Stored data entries
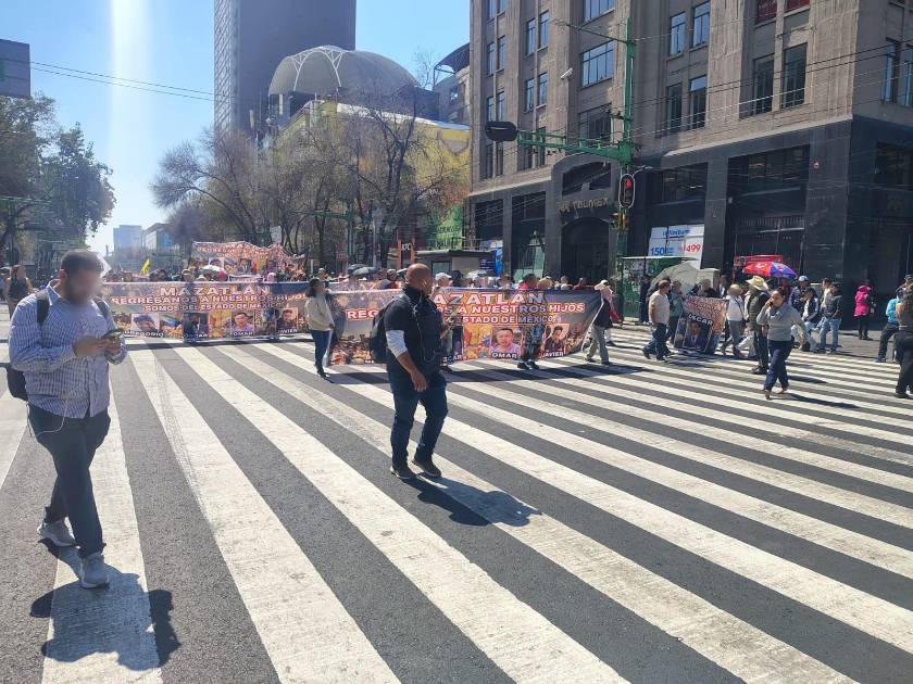 Familiares de cuatro hombres originarios del Estado de México, reportados como desaparecidos desde el 3 de febrero de 2026 en el puerto de Mazatlán, Sinaloa, realizaron diversas protestas en el Centro Histórico de la Ciudad de México para exigir a autoridades federales su localización y avances en las investigaciones.
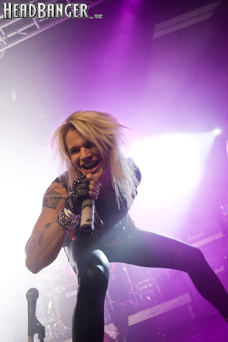 Где-то к двадцати минутам десятого зал был заполнен вполне себе прилично, хотя свободные места и присутствовали, и на сцене появилась светящаяся во всех смыслах этого слова четверка героев торжества. По высокочастотным крикам из зала можно было легко определить, что количество девушек сегодня значительно превышает количество мужчин. Оно, впрочем, и понятно – глэм-рокеры традиционно уделяют достаточно много внимания своему внешнему виду, и участники Reckless Love в этом смысле не являются исключением, возьмите хоть татуированного и голого по пояс ударника Хейки Ахоннена, хоть смазливого светловолосого фронтмена Олли Хермана, который выскочил на сцену в белом блестящем пиджаке, тёмных очках в розовой оправе, кожаных лосинах и цветастых кроссовках. Такой прикид показался бы пошлым и чересчур экстравагантым на ком угодно, кроме участника глэм-рок команды. Ну а когда отгремел первый номер программы – хит “Night On Fire”, в котором ребята пообещали взорвать этот вечер, Олли под восторженные крики женской половины аудитории сорвал с себя пиджак и очки, оставшись в баскетбольной майке. Поприветствовав собравшихся и вдоволь поиграв своими мускулами (честное слово, если покрасить ему волосы в черный цвет, то можно хоть в Manowar парня отправлять), Олли объявил следующую песню - “So Happy I Could Die”, и для многих собравшихся это название было бесконечно правдиво – мало того, что группу явно очень любят, так и она отвечает на фанатскую любовь такой искренней взаимностью, что многие более опытные коллеги финнов по цеху могут только позавидовать.
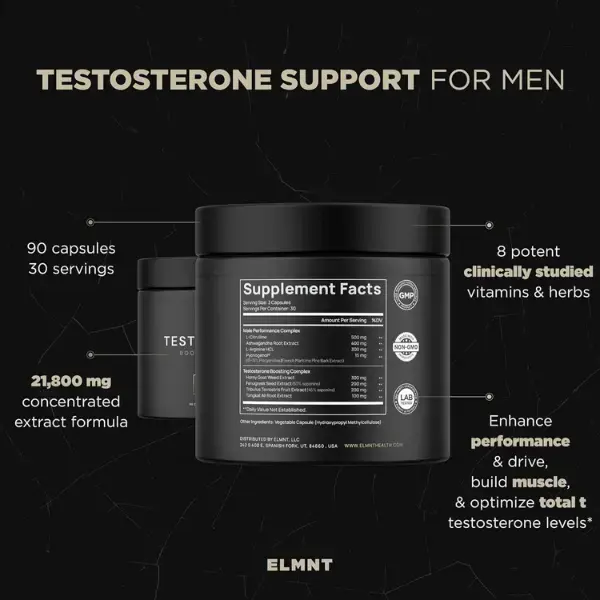 Long workdays, stress, and age can lower men’s testosterone and overall performance. ELMNT Health Testosterone Support combines natural extracts like Tongkat Ali, Tribulus, and Ashwagandha to help restore balance, improve energy, and support muscle health and vitality naturally.
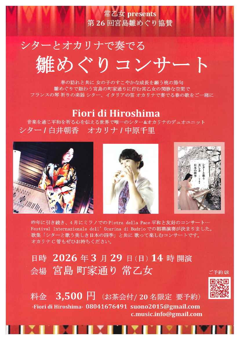 常乙女presents 第26回宮島雛めぐり協賛 シターとオカリナで奏でる雛めぐりコンサート
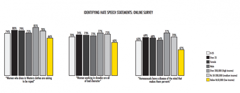 Respondents were asked to identify whether the statements, “Women who dress in Western clothes are asking to be raped” and, “Women working in showbiz are all of bad character” qualify as hate speech. In the case of the former, 77% of respondents identified the statement as hate speech, and 72% said the same of the latter. Fifty six per cent of total respondents indicated they had come across hate speech related to women.
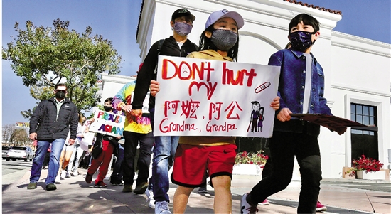 美国洛杉矶县圣加布里埃尔谷地亚裔聚居城市的数百民众在“为反亚裔仇恨犯罪及歧视集会与游行”活动中走上街头游行。(资料照片) 新华社发

[EXERCISE DESCRIPTION] Word for word, repeat all the data, but not its images.

[THE ANSWER]
 Familiares de cuatro hombres originarios del Estado de México, reportados como desaparecidos desde el 3 de febrero de 2026 en el puerto de Mazatlán, Sinaloa, realizaron diversas protestas en el Centro Histórico de la Ciudad de México para exigir a autoridades federales su localización y avances en las investigaciones.
 Где-то к двадцати минутам десятого зал был заполнен вполне себе прилично, хотя свободные места и присутствовали, и на сцене появилась светящаяся во всех смыслах этого слова четверка героев торжества. По высокочастотным крикам из зала можно было легко определить, что количество девушек сегодня значительно превышает количество мужчин. Оно, впрочем, и понятно – глэм-рокеры традиционно уделяют достаточно много внимания своему внешнему виду, и участники Reckless Love в этом смысле не являются исключением, возьмите хоть татуированного и голого по пояс ударника Хейки Ахоннена, хоть смазливого светловолосого фронтмена Олли Хермана, который выскочил на сцену в белом блестящем пиджаке, тёмных очках в розовой оправе, кожаных лосинах и цветастых кроссовках. Такой прикид показался бы пошлым и чересчур экстравагантым на ком угодно, кроме участника глэм-рок команды. Ну а когда отгремел первый номер программы – хит “Night On Fire”, в котором ребята пообещали взорвать этот вечер, Олли под восторженные крики женской половины аудитории сорвал с себя пиджак и очки, оставшись в баскетбольной майке. Поприветствовав собравшихся и вдоволь поиграв своими мускулами (честное слово, если покрасить ему волосы в черный цвет, то можно хоть в Manowar парня отправлять), Олли объявил следующую песню - “So Happy I Could Die”, и для многих собравшихся это название было бесконечно правдиво – мало того, что группу явно очень любят, так и она отвечает на фанатскую любовь такой искренней взаимностью, что многие более опытные коллеги финнов по цеху могут только позавидовать.
 Long workdays, stress, and age can lower men’s testosterone and overall performance. ELMNT Health Testosterone Support combines natural extracts like Tongkat Ali, Tribulus, and Ashwagandha to help restore balance, improve energy, and support muscle health and vitality naturally.
 常乙女presents 第26回宮島雛めぐり協賛 シターとオカリナで奏でる雛めぐりコンサート
 Respondents were asked to identify whether the statements, “Women who dress in Western clothes are asking to be raped” and, “Women working in showbiz are all of bad character” qualify as hate speech. In the case of the former, 77% of respondents identified the statement as hate speech, and 72% said the same of the latter. Fifty six per cent of total respondents indicated they had come across hate speech related to women.
 美国洛杉矶县圣加布里埃尔谷地亚裔聚居城市的数百民众在“为反亚裔仇恨犯罪及歧视集会与游行”活动中走上街头游行。(资料照片) 新华社发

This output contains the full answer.